Learning pose variations within shape population by constrained mixtures of factor analyzers
This work addresses pose variation learning in shape modeling for domains like 3D animation and image segmentation, representing an incremental improvement over existing statistical shape methods.
The paper tackled the problem of learning pose variations within shape populations by formulating it as constrained mixtures of factor analyzers, resulting in a method that automatically learns rotations and generates smooth, realistic new poses for applications like motion animation.
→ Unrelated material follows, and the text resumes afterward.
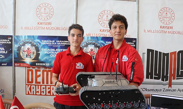 Kayseri'de 50'nci Yıl Dedeman Fen ve Teknoloji Anadolu İmam Hatip Lisesi öğrencileri, 'ABRA' isimli kara ve su üzerinde hareket edebilen amfibik paletli araçlarıyla TEKNOFEST Havacılık Uzay ve Teknoloji Festivali'nde Türkiye ikincisi olmanın gururunu yaşıyor. 16 yaşındaki takım kaptanı Ertuğrulhan Yağmur, aracın paletli yapısı sayesinde balçık, kar ve sahil gibi zorlu koşullarda ilerleyebildiğini ve iki su altı motoruyla su içinde hareket edebildiğini belirtti.
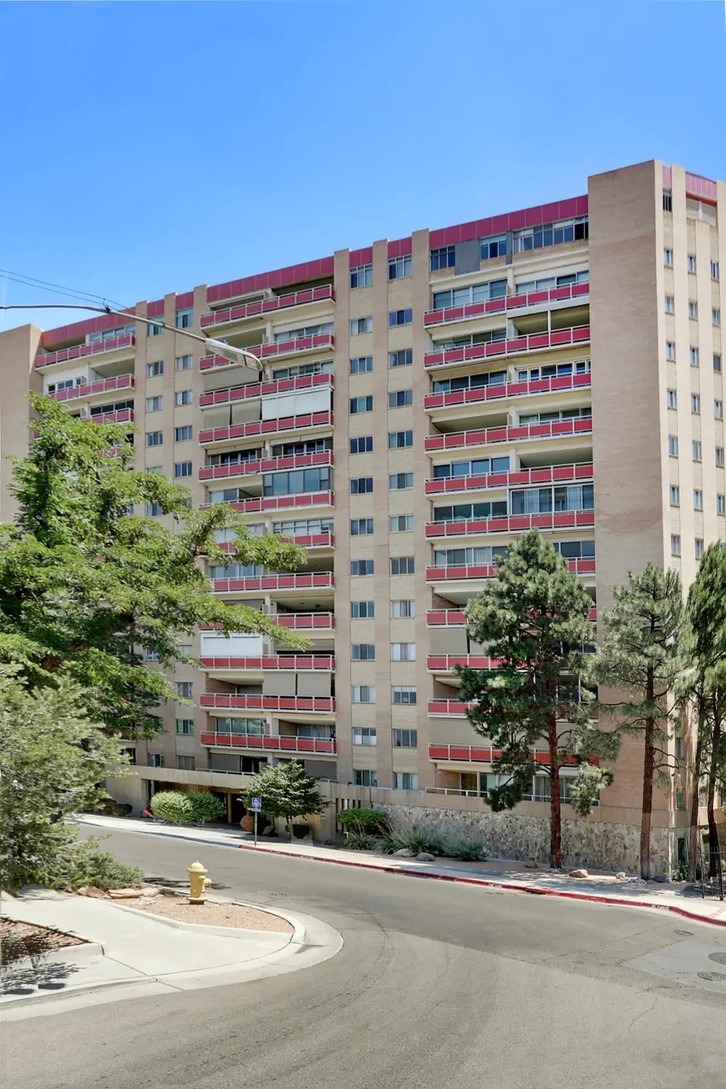 This cute one bedroom condo with a large covered outdoor patio to take in the beautiful Sandia mountain and downtown views is now available. The easy life awaits at the Park Plaza Building: you won't find a better location in town, or a more secure feel with 24 hour front desk staff and a secure parking lot. This condo comes with a covered parking space and storage locker area, lots of storage inside and it's clean as a whistle. Park Plaza has a pool, computer room/library, excellent gym, and banquet rooms available to residents for entertaining a large group. HOA fee includes utilities. You'll have as much a sense of community or sense or privacy as you like once you move in.

Mining and learning the shape variability of underlying population has benefited the applications including parametric shape modeling, 3D animation, and image segmentation. The current statistical shape modeling method works well on learning unstructured shape variations without obvious pose changes (relative rotations of the body parts). Studying the pose variations within a shape population involves segmenting the shapes into different articulated parts and learning the transformations of the segmented parts. This paper formulates the pose learning problem as mixtures of factor analyzers. The segmentation is obtained by components posterior probabilities and the rotations in pose variations are learned by the factor loading matrices. To guarantee that the factor loading matrices are composed by rotation matrices, constraints are imposed and the corresponding closed form optimal solution is derived. Based on the proposed method, the pose variations are automatically learned from the given shape populations. The method is applied in motion animation where new poses are generated by interpolating the existing poses in the training set. The obtained results are smooth and realistic.